In August of this year, Microsoft included in the new release of Skype end-to-end end-to-end encryption, called “Private Conversations”. Encryption works for calls, text messages, as well as files and uses the Signal protocol developed by the non-profit organization Open Whisper Systems.


Of course, in Skype and before the advent of "private conversations" encryption was used, but it was not channel encryption between two users, on keys developed only for their end devices. Prior to the purchase of this messenger by Microsoft, Skype used AES encryption of the channel with 256-bit session keys, but then it was completely abandoned.

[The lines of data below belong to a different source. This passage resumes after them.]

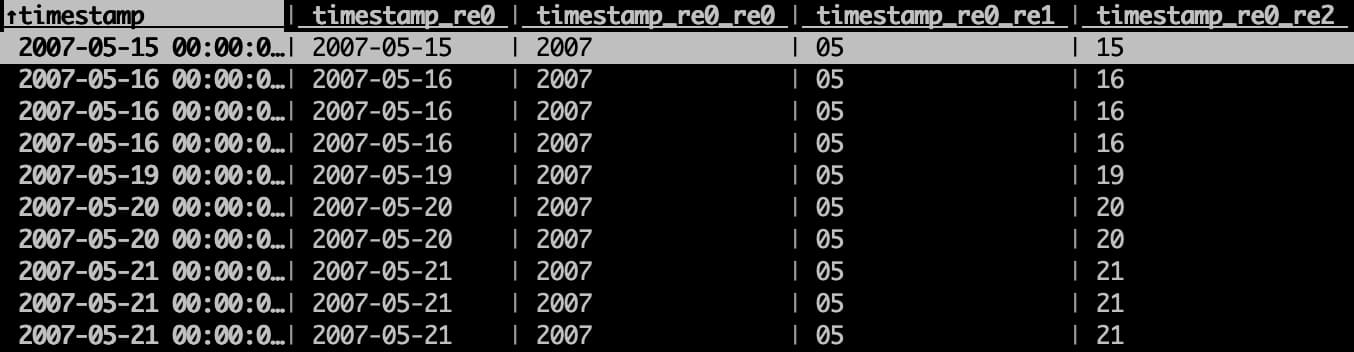 其中有一列为 timestamp,包含了 date 和 time,我们需要将 Year 分离出来,然后才能进行聚合操作。分离的过程也很简单,先选中 timestamp 这一列,输入快捷键 : 就会进入到正则切分模式,输入空格 ,就可以将 date 和 time 分开了,然后再对 date 列执行同样的操作,不过要用 - 来切分,这样就能得到 Year 了。
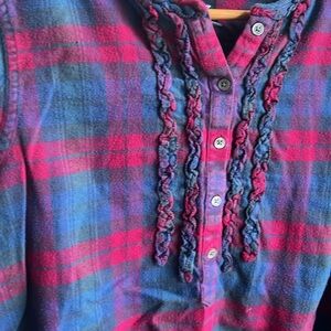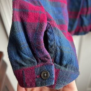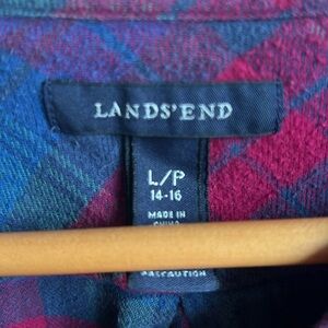 Lands End Flannel Blouse size petite large purple, green, magenta buttons down
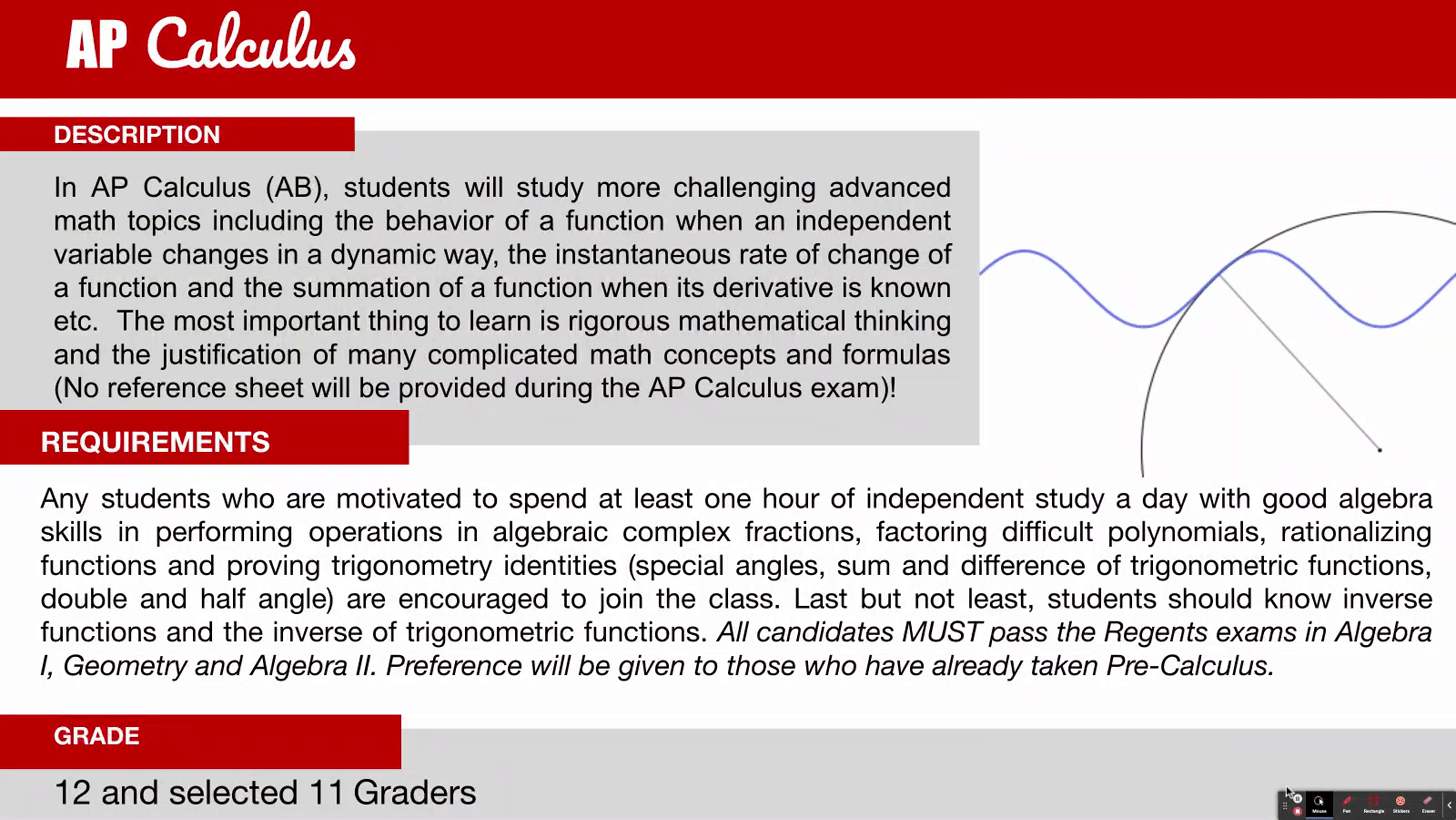 AP English, AP Calculus AB, AP Computer Science, AP Biology, AP Government, AP US History, AP Art History and AP Studio Art, and AP World History.

And now, for normal communication, Skype uses the TLS protocol, which “covers” the channel between the user and the company's cloud.


Virtually all modern data leakage prevention systems (DLP systems) have learned to track (and some even control) the usual transfer of messages and files to Skype through a fairly standard technique - certificate substitution, known as the man-in-the-middle attack (MitM). However, for “private conversations” this trick no longer passes.

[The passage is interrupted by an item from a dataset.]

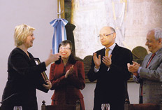 “Quería que mi último acto como canciller fuera uno por los derechos humanos y en homenaje a Emilio Mignone. Hoy la Presidenta tuvo la deferencia de convertir este acto en el primero de una nueva etapa”, afirmó Héctor Timerman, quien aprovechó la ceremonia de distinción a la directora del Consejo Internacional de Rehabilitación a Víctimas de la Tortura (IRCT), Brita Sydhoff, para referirse a su reasignación al mando del Ministerio de Relaciones Exteriores nacional. Momentos antes de la entrega de una placa conmemoratoria del Premio Internacional de Derechos Humanos Emilio Mignone –en referencia al creador del Centro de Estudios Legales y Sociales (CELS)– a Sydhoff, el canciller recordó a su padre, Jacobo Timerman, víctima de la tortura: “El trabajo del instituto no me es ajeno. Vi en mi propio padre cómo la tortura destruye hasta a las personas más fuertes”. Del evento, realizado en el Palacio San Martín, también participaron el director del CELS, Horacio Verbitsky, y la hija de Mignone, Isabel Mignone. “Saludamos a Brita como una compañera más en esta lucha”, apuntó Verbitsky, sobre la secretaria general del organismo que cuenta con 146 centros de rehabilitación a víctimas de la tortura en el mundo.

We in DeviceLock solved this problem by using simultaneous monitoring of network connections and local agents working directly on the monitored machine. As a result, DeviceLock DLP can fully control “private conversations” in Skype. Fully - it means that the system not only monitors the fact of data transfer and even its composition, but also makes a decision in real time on whether to allow the transfer of files and messages depending on their content and the security policies set for this user.

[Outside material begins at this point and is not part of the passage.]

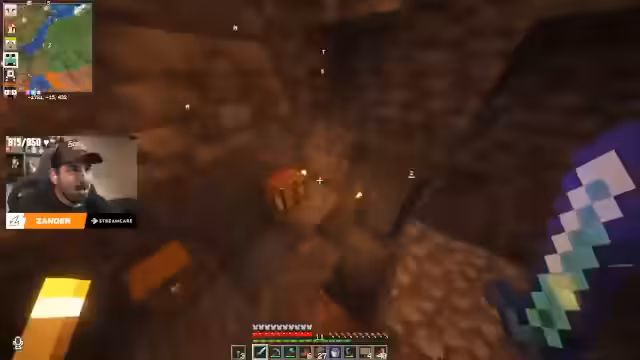 05:14:17Es findet ein konkreter Ressourcenaustausch statt bei dem der Streamer einen seltenen, verzauberten Trident von Lizor leiht, um ihn für Erkundungstouren zu nutzen. Dies unterstreicht das kooperative Element des Streams. Gleichzeitig wird über den Fortschritt im Spiel gesprochen, wie das Sammeln von XP, der Handel mit verzauberten Büchern und die Verzauberung von Ausrüstung. Der Streamer drückt seine Freude über das Finden einer neuen Schallplatte (Chicken Jockey) aus, was einen Höhepunkt im Gameplay darstellt und zu einer spontanen Einladung an andere Spieler zu einer "Platten-Party" führt.

I will show with a real example how the transfer of messages containing email addresses or TIN files in “private conversation” is prohibited. Create two rules for the Skype protocol, prohibiting email address and TIN in outgoing files and messages.




We try to transfer the e-mail address in “private conversation” by message.



Send an email address in a Skype Private Chat


As you can see, Skype could not send only the message that contains the email address. At the same time, the entire conversation is recorded in the DeviceLock DLP shadow copy log:



A shadow copy of Skype private messaging messages created by DeviceLock DLP


Now we will try to transfer two files in “private conversation”, one of which contains
INN.



Skype File Transfer


We see that the second file could not be sent, but blocked in the shadow copy log:



A shadow copy of a Skype Private Chat file created by DeviceLock DLP


This is the simplest example of real-time content filtering, demonstrating the ability of DLP to fully control the transfer of data to Skype, even if it uses pass-through encryption.